Benefits
Helps bridge the produce gap
Most people fall short of USDA fruit and vegetable targets. TruServ whole-food powders let a finished product carry a defensible serving-equivalent claim, supporting overall diet quality by adding real fruit and vegetable material to everyday foods, drinks, and supplements.
Supplies antioxidant phytonutrients
Whole fruits, berries, and dark greens naturally contain polyphenols, anthocyanins, and carotenoids. Diets richer in these plant compounds help support the body's normal antioxidant defenses against everyday oxidative stress, though effects depend on the specific blend and amount used.
Adds naturally occurring vitamins and fiber
Because it is dehydrated whole produce rather than an isolate, TruServ contributes dietary fiber and food-form micronutrients such as folate and provitamin-A carotenoids, which support general nutritional adequacy as part of a varied diet.
Supports immune and general wellness nutrition
A produce-rich eating pattern is broadly associated with better wellness.
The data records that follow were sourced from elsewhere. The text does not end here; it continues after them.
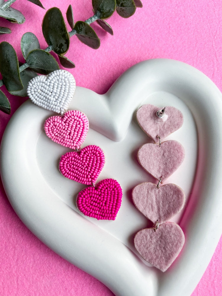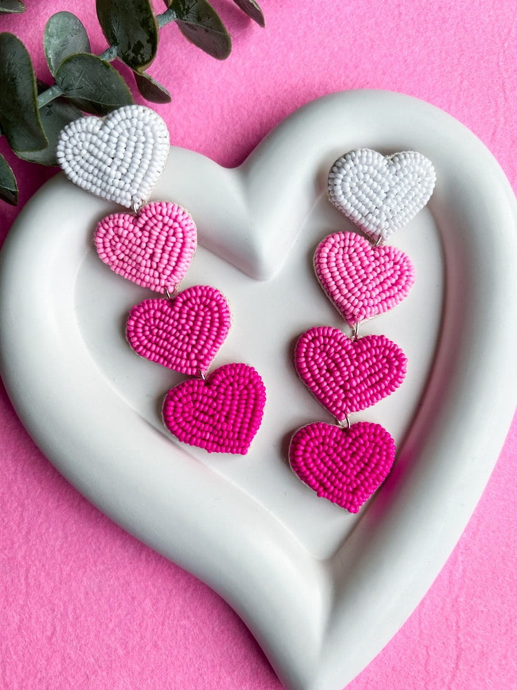 Embody your affection for fashion with these Blush Pink Love Drops Earrings! Delight in the 4 adorable hearts made with a combination of white and voluptuous pink beads. So stylish, you'll look drop dead gorgeous!
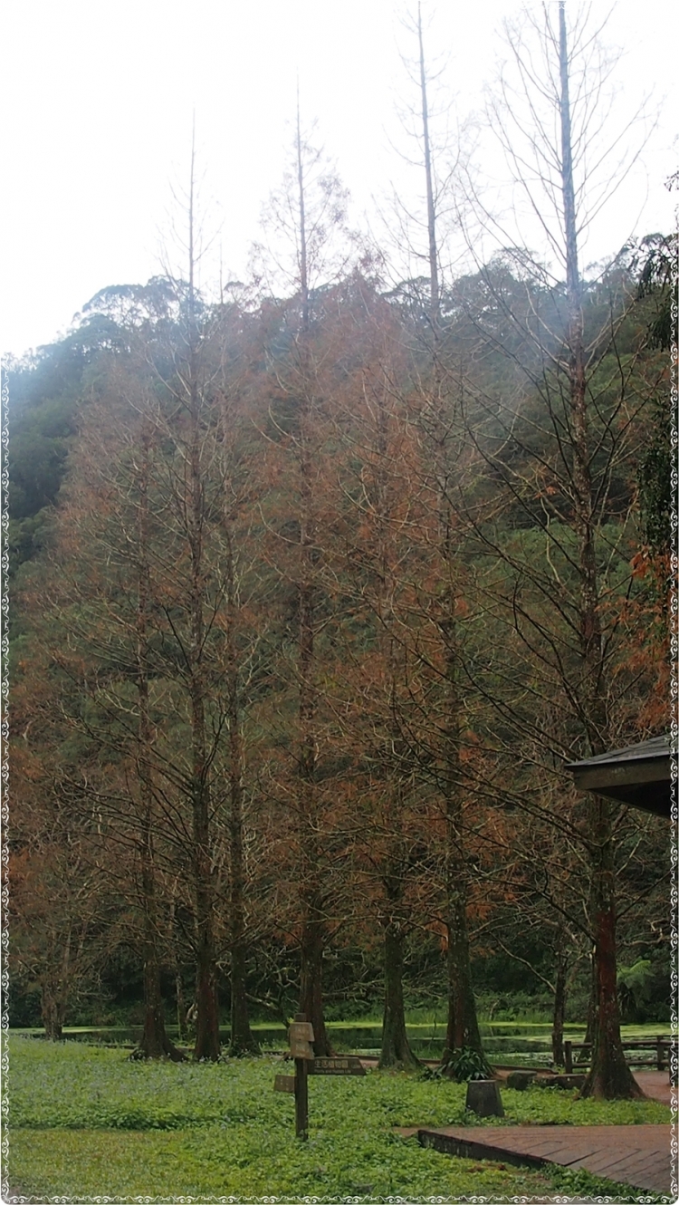當步入參觀路線, 首先在右手邊的是一排不高的綠圍, 那可是保育類的植物, 台灣特有種—台灣油杉, 再前進幾步路, 映入眼簾的是一方大大的池水和數顆高高的落羽松, 冬季落羽松黃中帶紅的羽葉, 有著它特有的風姿.
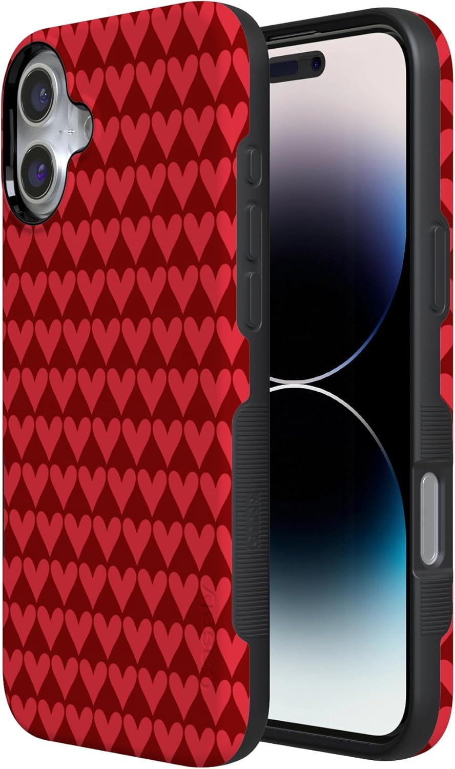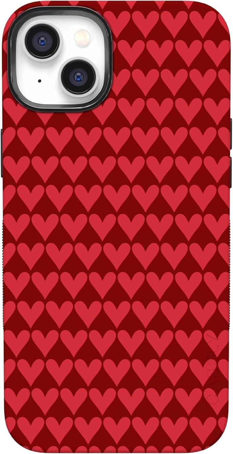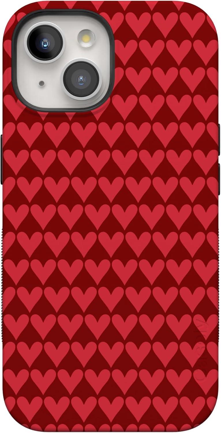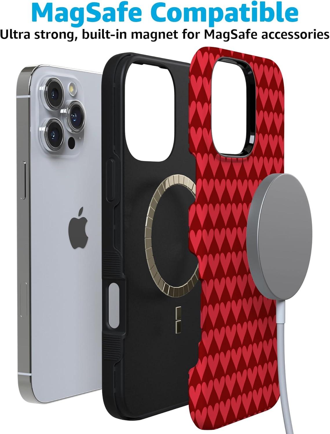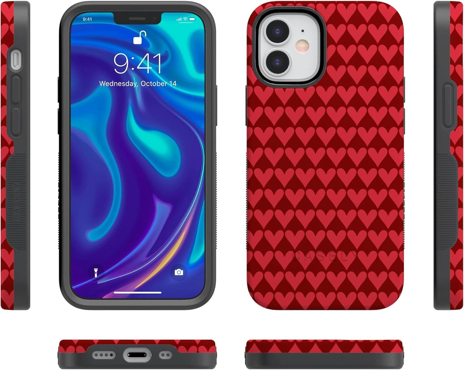Casely iPhone 15 Pro Case | Heart Noir | Tiny Hearts | Bold Protective Design | MagSafe Compatible Design(Crazy in Love | Red Hearts)
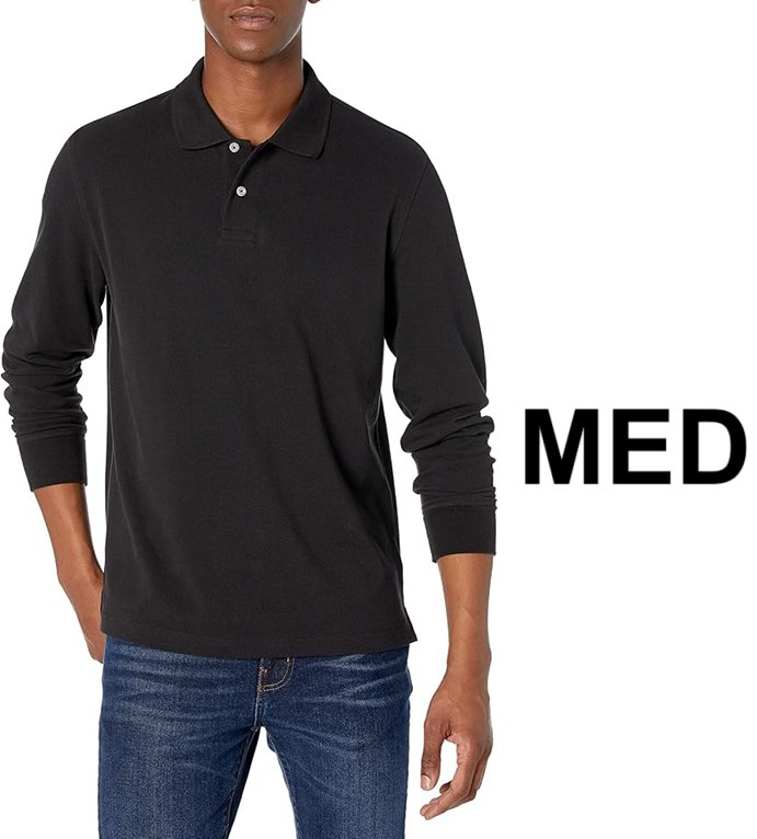 Men's Amazon Essentials Regular-Fit Long-sleeve Pique Polo - Medium - black
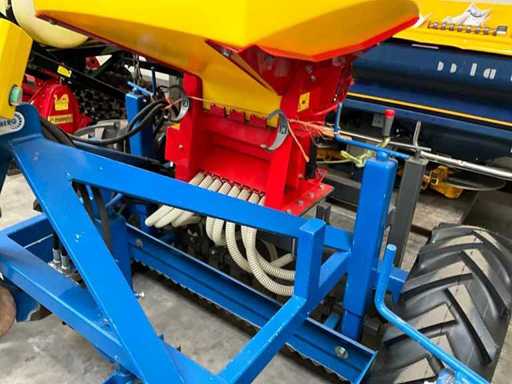 Wyposażony w szerokość roboczą 1500-1800 mm, połączenie trzypunktowe, koła z regulacją wysokości, 2x regulowany poziom ostrza, 8x wylot, elektryczną pneumatyczną tacę na siewa, regulację dawkowania, jednostkę wykręcającą do wykończenia, dokumentację, płaskoczynę stołu o szerokości roboczej 1500 mm i można ją łatwo poszerzyć do 1800 mm przy drobnych korektach
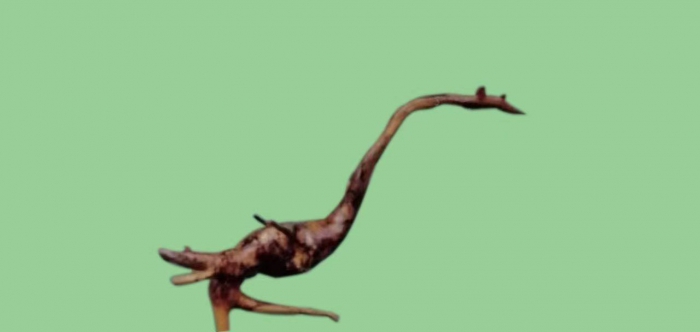 有一棵小樹在水庫邊倒吊著,枝桿浸在水里,樹皮大都腐朽脫落了,只有一條細(xì)根還連在岸邊的石縫里,看上去像只飄浮在水里的鳥兒。老李把它從水里撈出來,從石縫中輕輕拽下來,發(fā)現(xiàn)它長著長長的脖頸,有點像只天鵝;丶液蟀阉旁谌缢谋烫荷,讓它圓了紅掌撥清波的夢。名曰《紅掌清波》。詩云:若非經(jīng)雨雪;怎可變天鵝。
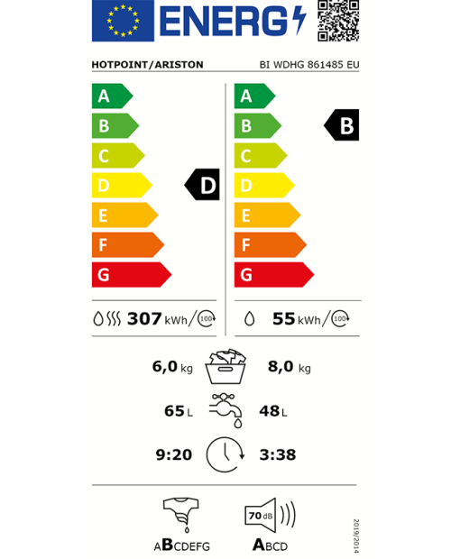 Mais poupança energética. Este aparelho Hotpoint garante semopre desempenho elevado e baixo consumo graças à classe energética D|B
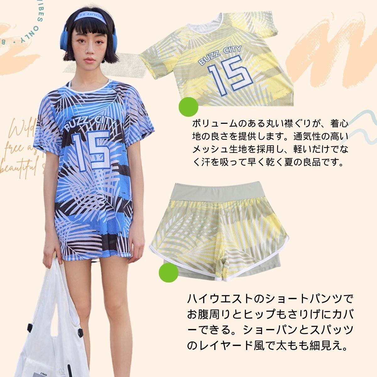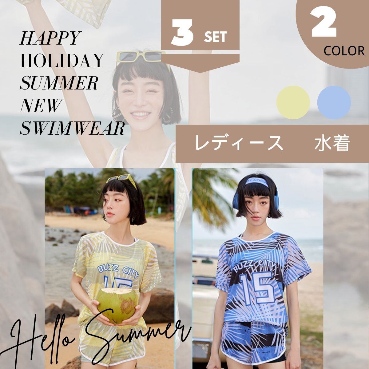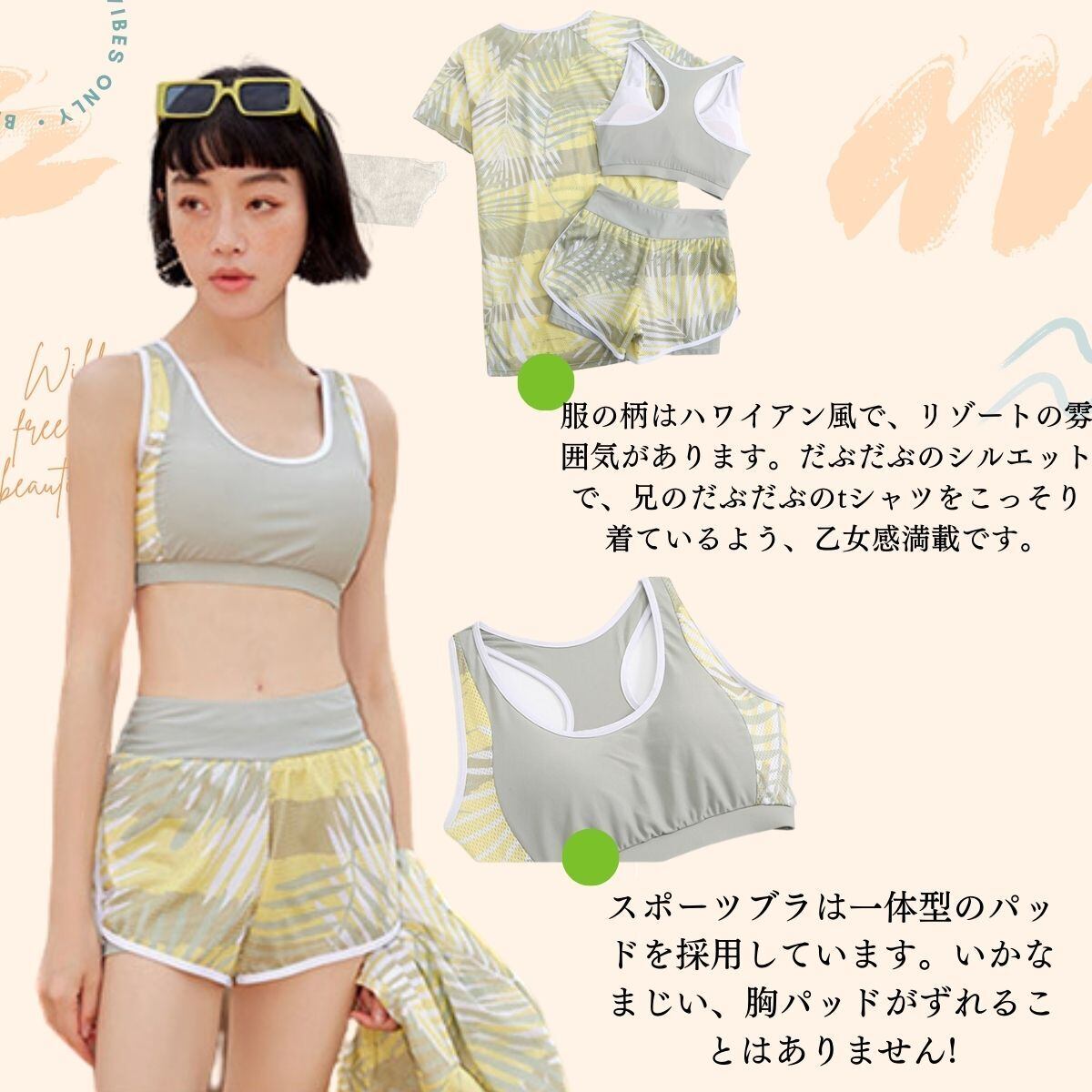【3点セット】Tシャツ+ショートパンツ+スポーツブラお得な3点セットなタンキニです。気分やシーンに合わせて組み合わせを楽しんで♪イエローとブルーを選ぶことができて、イエローはもっと優しくてかわいくて、ブルーはもっとクールでかっこいいです。どれも夏らしい雰囲気があり。
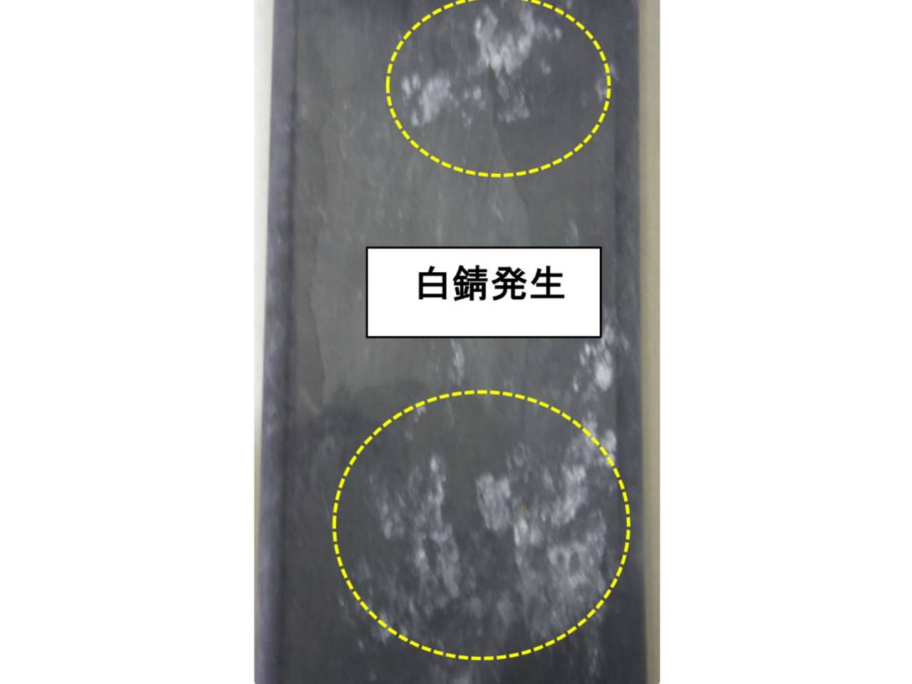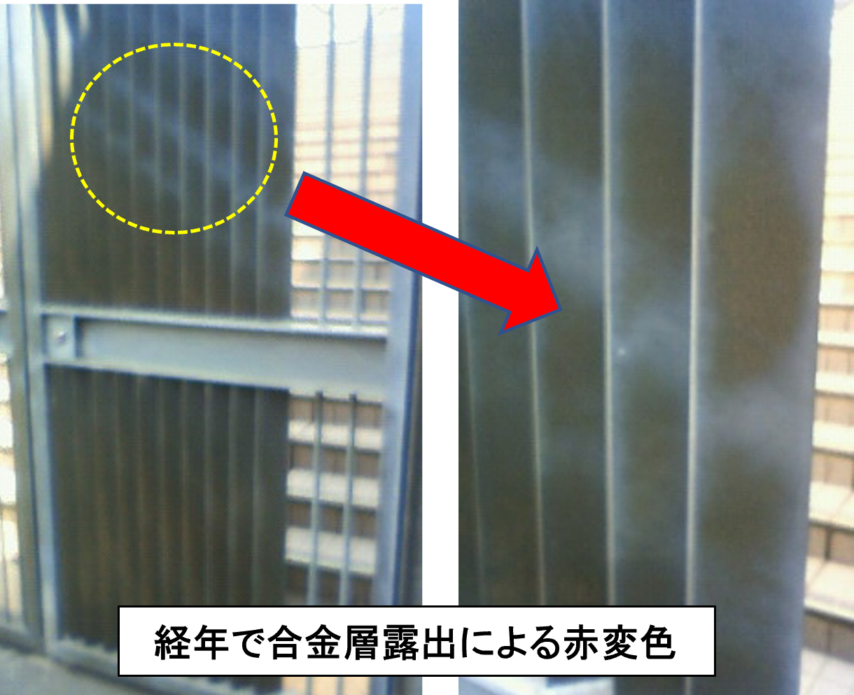 ④塩害地で使用すると白錆発生や赤変色が起こる。
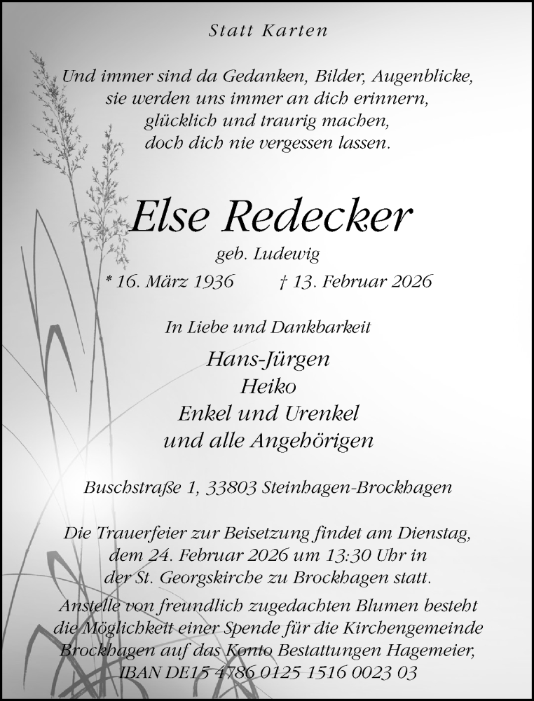Hier finden Sie alle Traueranzeigen aus der Zeitung, die bisher für Else Redecker erschienen sind. Weitere Traueranzeigen, die in der Zeitung erscheinen, werden hier ebenfalls aufgelistet

Adding whole fruit and vegetable powders helps maintain the everyday nutrient foundation the immune system relies on, as part of an overall varied, plant-forward diet.
Mechanism of action
Whole-food phytonutrient delivery
Gentle dehydration of whole fruits, berries, and greens retains a native matrix of polyphenols, anthocyanins, flavonols, and carotenoids alongside fiber, delivering these compounds in food form rather than as purified isolates.
Antioxidant and redox support
Dietary polyphenols and carotenoids can scavenge reactive oxygen species and, more importantly, modulate endogenous antioxidant pathways (such as Nrf2-linked responses), helping maintain normal redox balance under everyday oxidative load.
Micronutrient and fiber contribution
Food-form folate, vitamin C, provitamin-A carotenoids, and soluble/insoluble fiber contribute to one-carbon metabolism, normal antioxidant vitamin status, and gut transit, mirroring effects seen when overall fruit and vegetable intake rises.
Clinical trials
Randomized double-blind crossover trial (Samman et al., 2003, Journal of Nutrition). Component/class evidence on an encapsulated mixed fruit/vegetable concentrate, NOT the finished TruServ product.
Healthy adult men
Compared with placebo, the concentrate significantly raised plasma antioxidant vitamins and folate and lowered plasma homocysteine, suggesting whole-produce concentrates can improve markers of micronutrient status. Small study on a different branded concentrate.
Randomized double-blind placebo-controlled trial (Lamprecht et al., 2013, British Journal of Nutrition). Class evidence on an encapsulated fruit/berry/vegetable juice powder, NOT TruServ.
42 obese pre-menopausal women over 8 weeks
Supplementation plus exercise reduced markers of oxidation and inflammation and improved skin microcirculation versus placebo. Open to publication and product-specific caveats; results may not transfer directly to TruServ blends.
Systematic review and dose-response meta-analysis of prospective cohorts (Aune et al., 2017, International Journal of Epidemiology). Dietary-pattern/epidemiological evidence supporting the produce-gap rationale, NOT a TruServ trial.
Pooled prospective cohort populations (millions of participant-years)
Higher fruit and vegetable intake was associated with lower risk of cardiovascular disease, cancer, and all-cause mortality. This supports the general value of closing the produce gap but does not test any specific powdered ingredient.